** Records supplied **
───

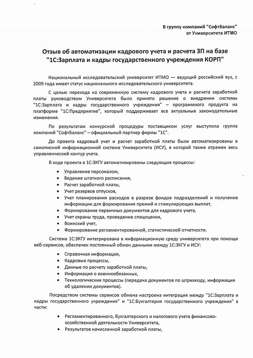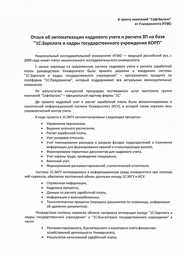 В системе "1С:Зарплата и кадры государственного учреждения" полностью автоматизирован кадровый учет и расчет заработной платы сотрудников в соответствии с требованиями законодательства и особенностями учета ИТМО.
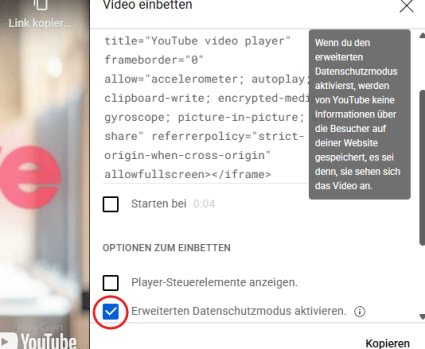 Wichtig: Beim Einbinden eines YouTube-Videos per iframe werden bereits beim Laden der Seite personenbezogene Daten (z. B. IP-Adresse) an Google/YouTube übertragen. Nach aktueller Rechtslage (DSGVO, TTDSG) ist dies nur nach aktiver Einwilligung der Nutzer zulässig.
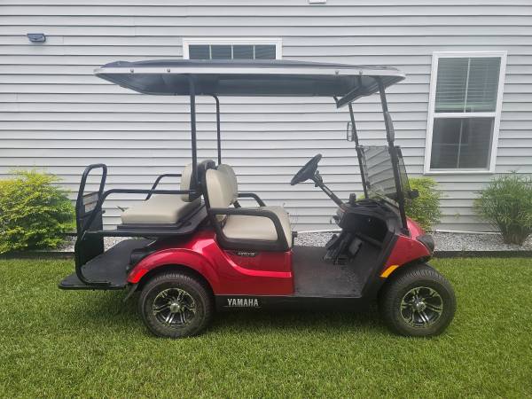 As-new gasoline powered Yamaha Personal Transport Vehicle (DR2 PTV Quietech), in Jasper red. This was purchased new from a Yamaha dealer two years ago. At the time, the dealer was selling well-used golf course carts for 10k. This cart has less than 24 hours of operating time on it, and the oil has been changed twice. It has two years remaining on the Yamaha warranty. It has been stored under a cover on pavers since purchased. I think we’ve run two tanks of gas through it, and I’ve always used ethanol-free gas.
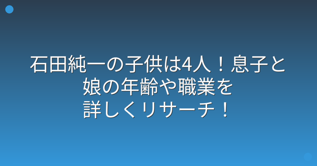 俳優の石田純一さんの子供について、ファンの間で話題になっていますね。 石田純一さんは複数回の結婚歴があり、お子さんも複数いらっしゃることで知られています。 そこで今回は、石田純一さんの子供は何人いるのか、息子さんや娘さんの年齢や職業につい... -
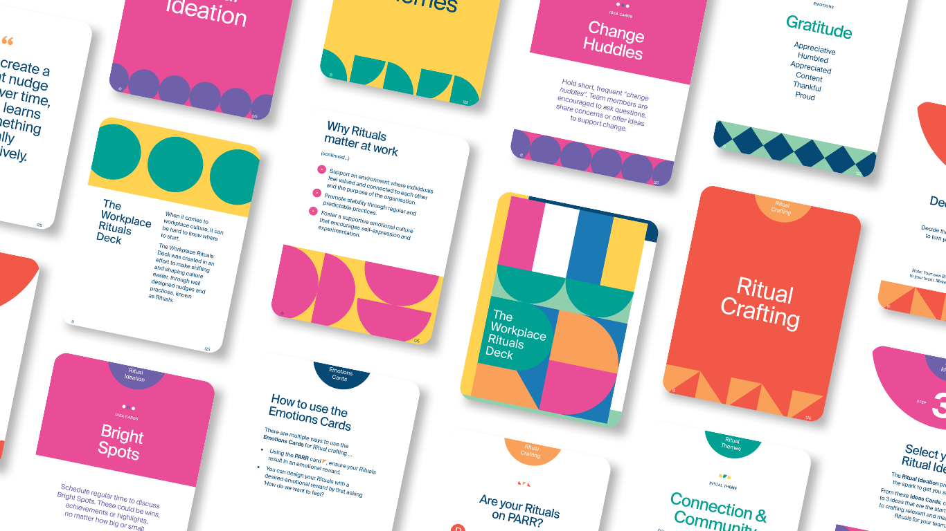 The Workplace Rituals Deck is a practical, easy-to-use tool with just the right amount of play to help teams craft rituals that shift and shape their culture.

───

** What you have to do **
The records above should be returned exactly; no image belongs in the copy.

** Solution below **
 В системе "1С:Зарплата и кадры государственного учреждения" полностью автоматизирован кадровый учет и расчет заработной платы сотрудников в соответствии с требованиями законодательства и особенностями учета ИТМО.
 Wichtig: Beim Einbinden eines YouTube-Videos per iframe werden bereits beim Laden der Seite personenbezogene Daten (z. B. IP-Adresse) an Google/YouTube übertragen. Nach aktueller Rechtslage (DSGVO, TTDSG) ist dies nur nach aktiver Einwilligung der Nutzer zulässig.
 As-new gasoline powered Yamaha Personal Transport Vehicle (DR2 PTV Quietech), in Jasper red. This was purchased new from a Yamaha dealer two years ago. At the time, the dealer was selling well-used golf course carts for 10k. This cart has less than 24 hours of operating time on it, and the oil has been changed twice. It has two years remaining on the Yamaha warranty. It has been stored under a cover on pavers since purchased. I think we’ve run two tanks of gas through it, and I’ve always used ethanol-free gas.
 俳優の石田純一さんの子供について、ファンの間で話題になっていますね。 石田純一さんは複数回の結婚歴があり、お子さんも複数いらっしゃることで知られています。 そこで今回は、石田純一さんの子供は何人いるのか、息子さんや娘さんの年齢や職業につい... -
 The Workplace Rituals Deck is a practical, easy-to-use tool with just the right amount of play to help teams craft rituals that shift and shape their culture.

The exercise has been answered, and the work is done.